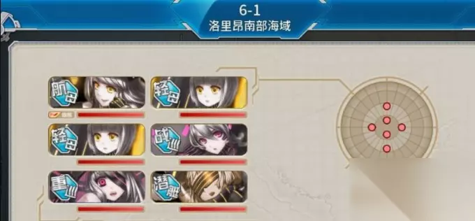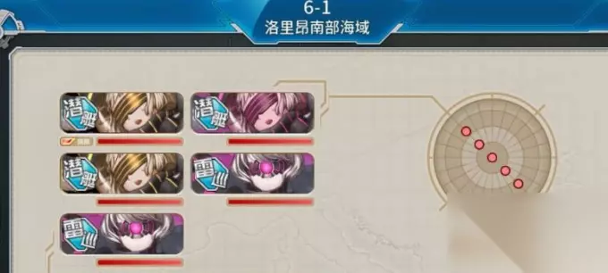 6-1关卡H点打法: 遇到航母,制空足选复纵阵型,制空差选轮型;遇潜艇就单横,如果敌方还有战列或者战巡就复纵碰运气;航母潜艇两者都有的,选复纵阵型,如下图所示;
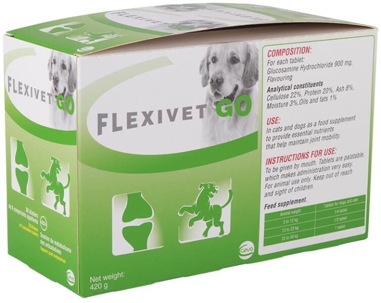 Összetevők:Egy 1671 mg-os ízesített tabletta 900 mg glükózamin-hidrokloridot tartalmaz. (Ez megfelel 747 mg glükózaminnak. ) Célállat faj: kutya Javallat: Használata különösen ajánlott idős kutyák részére, mivel a kor előrehaladtával az ízületek „elhasználódása" fájdalom kialakulásához, illetve az ízületek mozgathatóságának csökkenéséhez vezet. Túlsúlyos ku
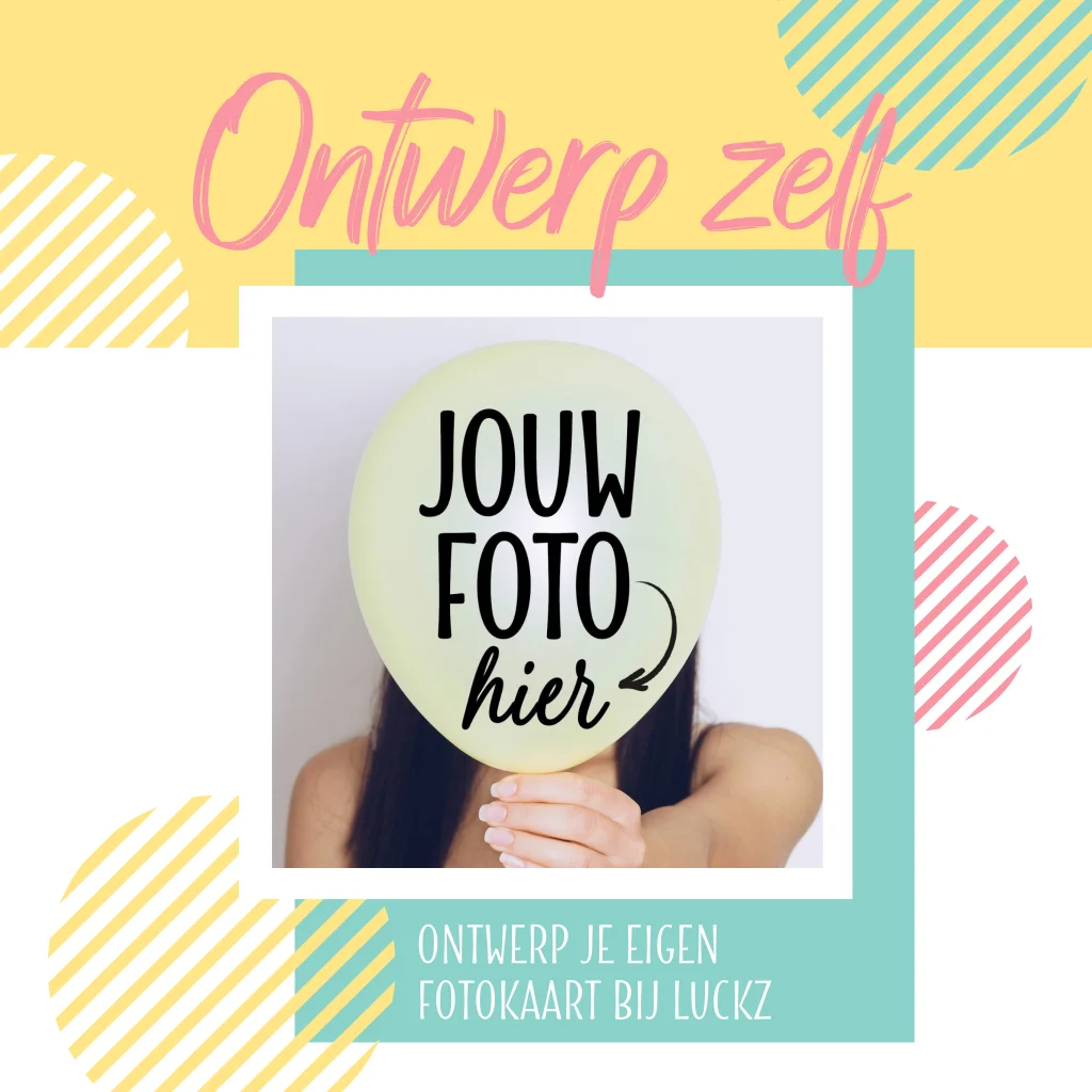 Snel en eenvoudig je eigen vrolijke kaart met foto ontwerpen en bestellen. Het sjabloon van de kaart is alvast klaargezet met hippe kleuren en streepjes bollen.
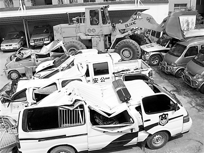 8月30日,湖南省沅陵县公安局对查获的28台假警车进行了集中销毁。
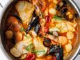 - Add chili flakes, bay leaf, star anise, and alcohol and cook for 1-2 minutes. Then add the peeled and diced tomato, halved cherry tomatoes, and the concentrate. Cook for about 3 minutes. Pour in the hot fish stock or water and bring to a boil. Season with salt, pepper, and sugar and cook uncovered over medium heat for about 15 minutes.
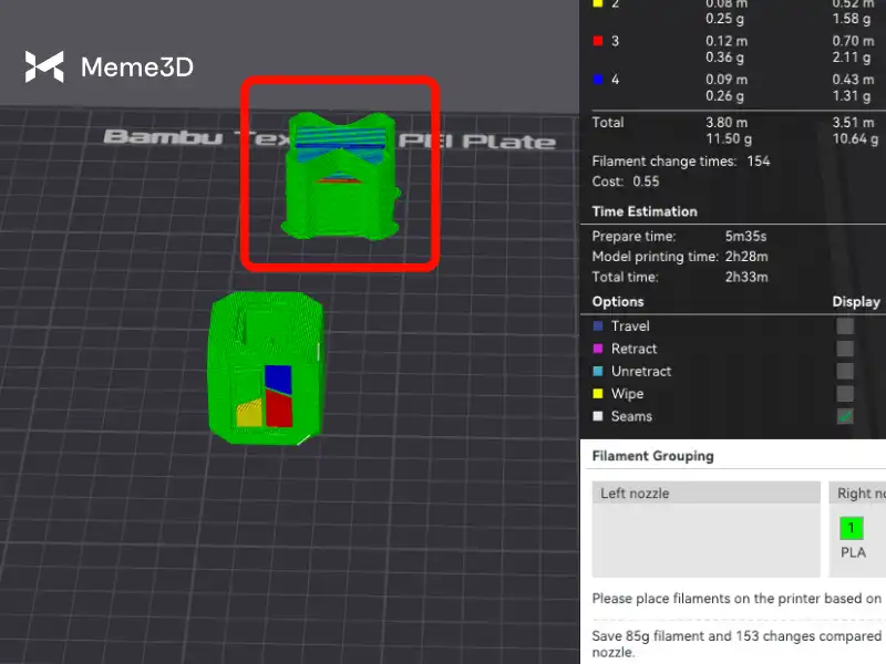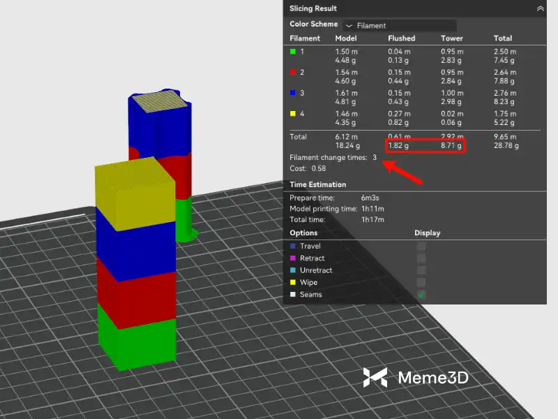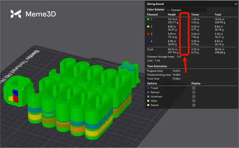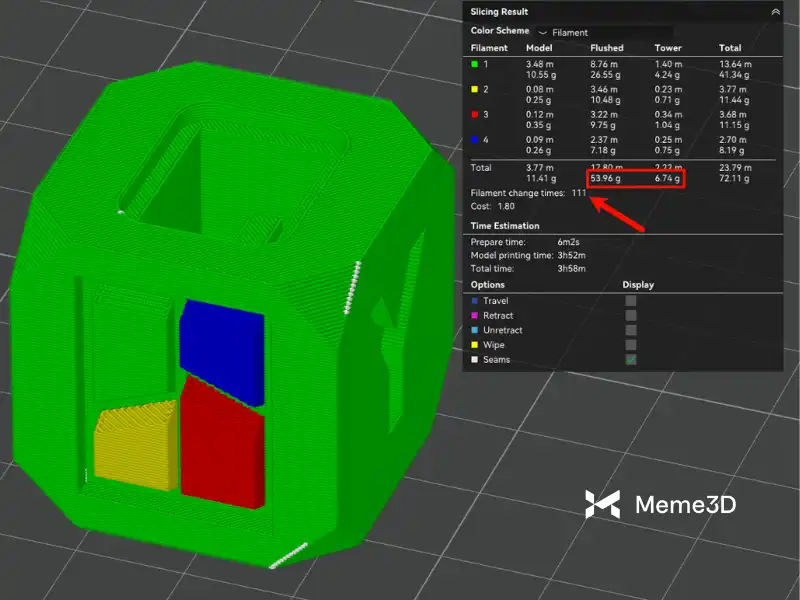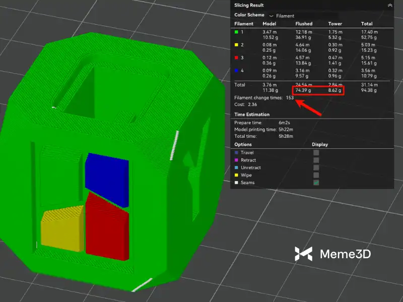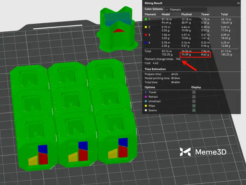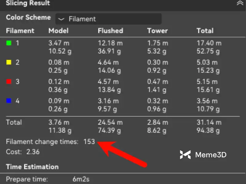 Chúng ta sẽ lấy ví dụ trước đó về một khối lập phương Bambu nhiều màu với tổng cộng 4 màu. Ở độ cao lớp 0,2mm, ta có thể thấy rằng Thời gian thay đổi sợi in hiển thị tổng cộng 153 lần thay đổi, tương ứng với 104 gram sợi in bị lãng phí.
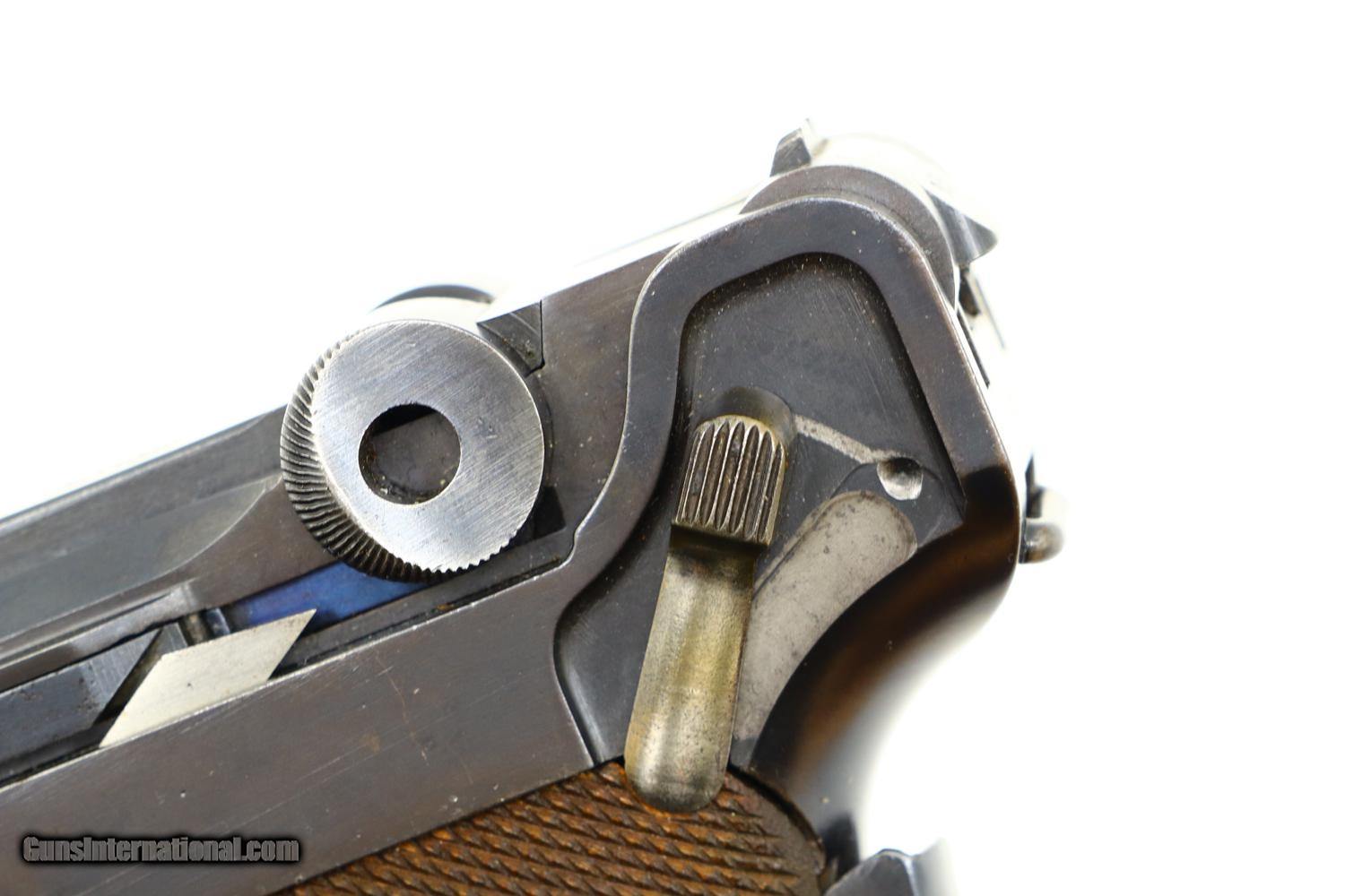 Description: Synopsis: DWM 1902 American Eagle Luger, 23365, A-1847 Description: Scarce DWM 1902 American Eagle Fat Barrel Luger, cal. 9MmP, with 4” barrel, drift adjustable serrated ramp front sight and fixed “V” notch rear sight. Deeply impressed American Eagle on chamber. “DWM” intertwined on forward toggle link. Full serial number on forward frame, just above “GERMANY”, repeated on barrel, the last 2-3 digits on all the usual small parts including each of the walnut checkered grips. Correct magazine with “Cal 9m/m” base. Major componets rust blued; strawed small parts excepting fire blued grip screws. Condition: EXC as professionally restored with correct rust blue, sharp edge/holster wear in appropiate locations. Several of the small parts have been restrawed, while others, such as the take down lever and anti-bounce lock appear unaltered. Extractor slightly bowed. Magazine body is original, the plug is super high quality replacement. Mirror bright bore with sharp rifling. Perfect manual mechanics. A great looking DWM 1902 American Eagle Fat Barrel Luger for about half the price of an all-original example. SOLD Manufacturer: DWM Model: 1902 American Eagle Luger Serial Number: 23365 Caliber Info: 9mmP Condition: Exc/Restored |

====================

→ WHAT THIS TASK INVOLVES: Write out, exactly and with no pictures, the lines of the data from the first through the line containing "Összetevők:Egy 1671 mg-os".

→ ANSWER TO THIS TASK:
 6-1关卡H点打法: 遇到航母,制空足选复纵阵型,制空差选轮型;遇潜艇就单横,如果敌方还有战列或者战巡就复纵碰运气;航母潜艇两者都有的,选复纵阵型,如下图所示;
 Összetevők:Egy 1671 mg-os ízesített tabletta 900 mg glükózamin-hidrokloridot tartalmaz. (Ez megfelel 747 mg glükózaminnak. ) Célállat faj: kutya Javallat: Használata különösen ajánlott idős kutyák részére, mivel a kor előrehaladtával az ízületek „elhasználódása" fájdalom kialakulásához, illetve az ízületek mozgathatóságának csökkenéséhez vezet. Túlsúlyos ku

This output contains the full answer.